Hw9c: [COLLABORATIVE]
Hw9s: [SOLO]
Here are some hints and clarifications:
- Study linearSearch() and largest() examples (optional parameters and wrapper functions)
These are at the top of the course notes on recursion. They show how to use optional parameters and wrapper functions to help convert iterative solutions to recursive ones. - nthHappyPrime: Minimize recursive depth
Search for nthHappyPrime(n) starting from nthHappyPrime(n-1). This will help reduce your recursion depth.
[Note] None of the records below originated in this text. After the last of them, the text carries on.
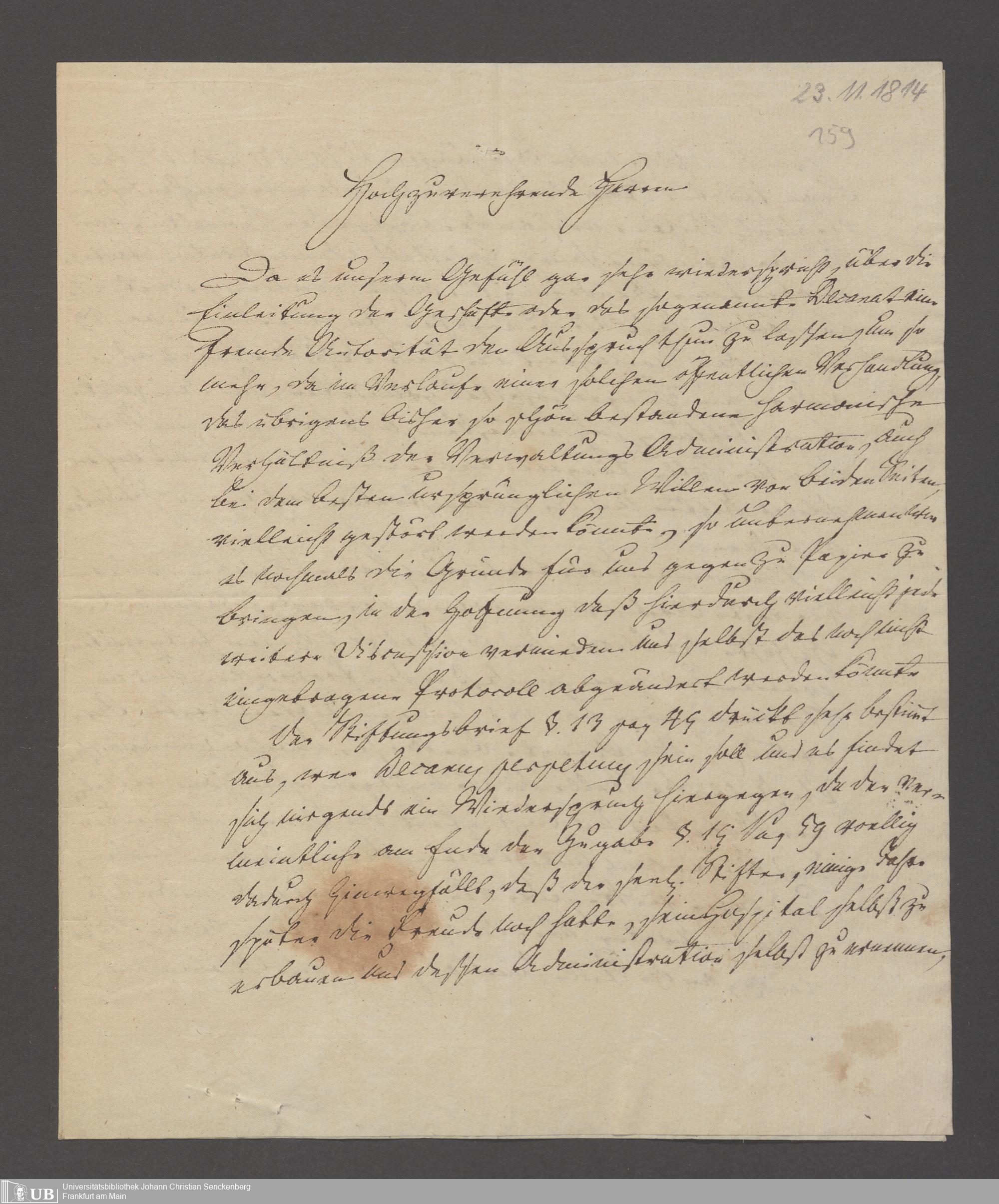 B 5 Dr. Senckenbergische Stiftung, 3 - Streit der ärztlichen und kaufmännischen Administration um das Präsidium (p. Na J.C.S. III.1.346)
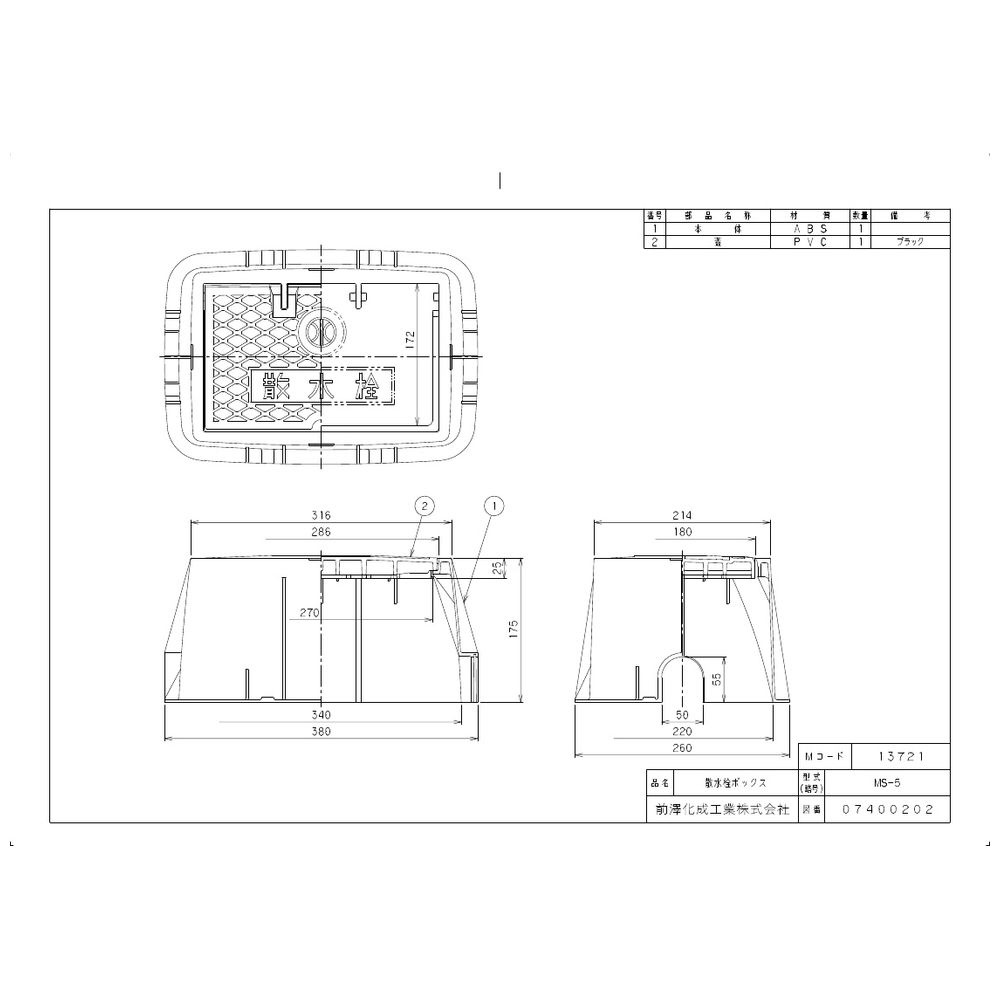 商品名 前澤 散水栓ボックス MSシリーズ MS-5
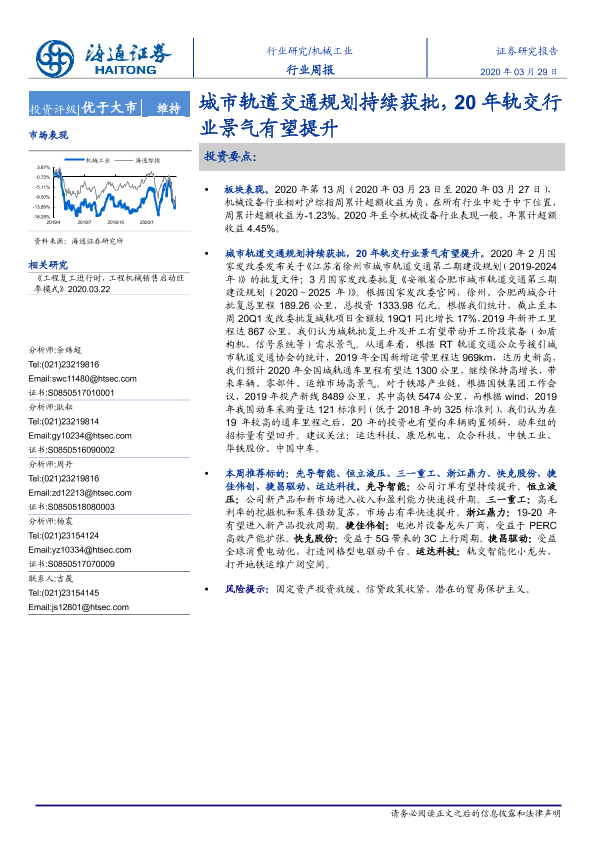 【海通证券】【20200329】机械工业行业周报:城市轨道交通规划持续获批,20年轨交行业景气有望提升-10页
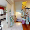 Una scala interna di gusto contemporaneo conduce al primo piano, dove un comodo disimpegno apre alla zona notte.
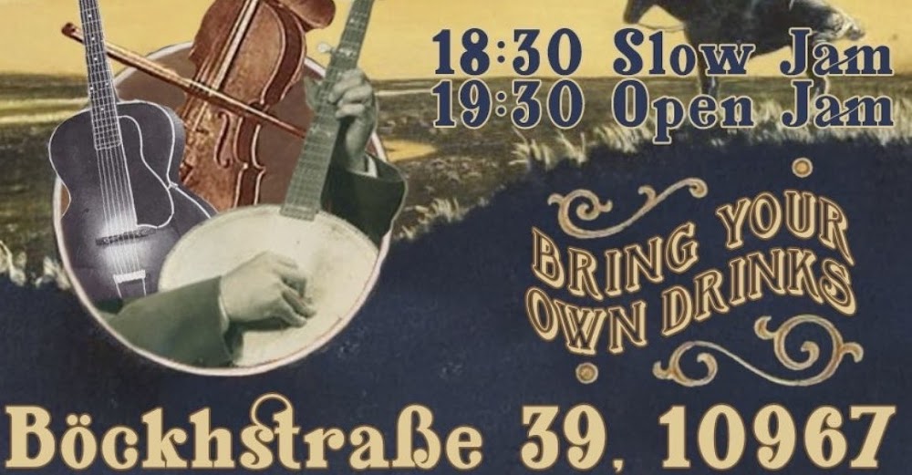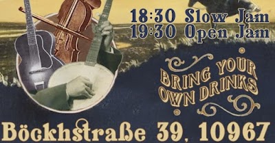 Every third Tuesday.  All skill levels of fiddle, banjo, guitar, and bass. This time at two fellas in Pankow!
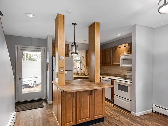 A wonderful end unit townhome in popular Lyman Meadows HOA. This one bedroom unit features a large master bedroom with two extra wide closets and a third larger walk in closet for extra space or home office area! A large full bathroom features a washer and dryer that are included in the rental. The open first floor has a butcher block kitchen island for meal prep with room for bar stools or chairs plus there is extra storage cabinets below the island. The step down living room walks out to a private back deck that has two storage closets. One holds a newer wall hung on demand combo furnace for heat and hot water. It's natural gas and very efficient for heating. The other closet can be used for winter tires and more storage space! Back inside there is also a large closet built under the stairs going to the second floor. There are 2 parking spots, one is assigned out front. This unit is conveniently located in the heart of Hinesburg with sidewalks to most of downtowns amenities including popular Papa Nick's for creemees and take out along with being across the street from Hinesburg Community School. These units are also tucked up behind Lantman's Market for grocery shopping. A short drive back into Williston and Burlington too. Min. 1 year or more. Renter is responsible for Gas, Elec and Water bill. Trash, snow removal and lawn care included by HOA.
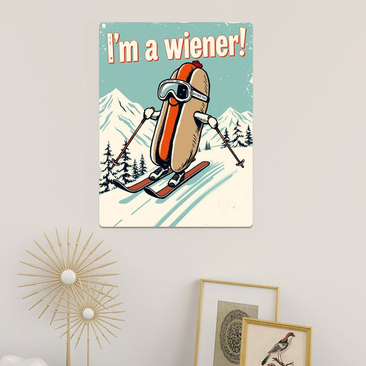 Metal Tinplate Poster Rectangular 12 inches by 16 inches Metal Sign Decor in I'm a Wiener on Ski

Also, since all happy primes are odd, step by 2's, not 1's. - nthHappyPrime: use fasterIsPrime
Be sure to use an adapted form of fasterIsPrime and not slowerIsPrime! - getCourse: Study listFiles() in the notes!
This problem is most like that one, so be sure you thoroughly understand how listFiles works first. In particular, the nested lists in the problem are sort of like folders (right?), and the course names are sort of like file names (right?). - getCourse: Solve with a "for" loop first
This is not required, of course, but it's very helpful probably to first solve getCourse using a "for" loop, in the same way that our listFiles example uses one. Then, as a second step, get rid of the "for" loop -- in the same way you already got rid of "for" loops in the nthHappyNumber problem. - Do not use mutable values (like lists) to initialize default parameters!
Here is an important hint regarding a very strange Python behavior. You should never use lists or other mutable values to initialize default parameters. The outcome is weird. To see this, check this out:
Ugh!def f(x, a=[]): a.append(x) return a print f(5) # prints [5] print f(6, []) # prints [6] print f(7) # prints [5, 7] <-- where did the 5 come from?!?
- Don't use nested functions, they are too hard to test and debug
Nested functions (defined inside other functions) can be hard to test and debug. And then much of the yummy goodness of top-down design is lost, making debugging painful to impossible (since a bug in the outer function can in fact be anywhere inside any of the helper functions -- ugh!). So the way forward is easy to see: (1) Do not use nested functions (functions defined inside other functions), and (2) Do test all your helper functions before using them. This hint can save you many hours of frustration!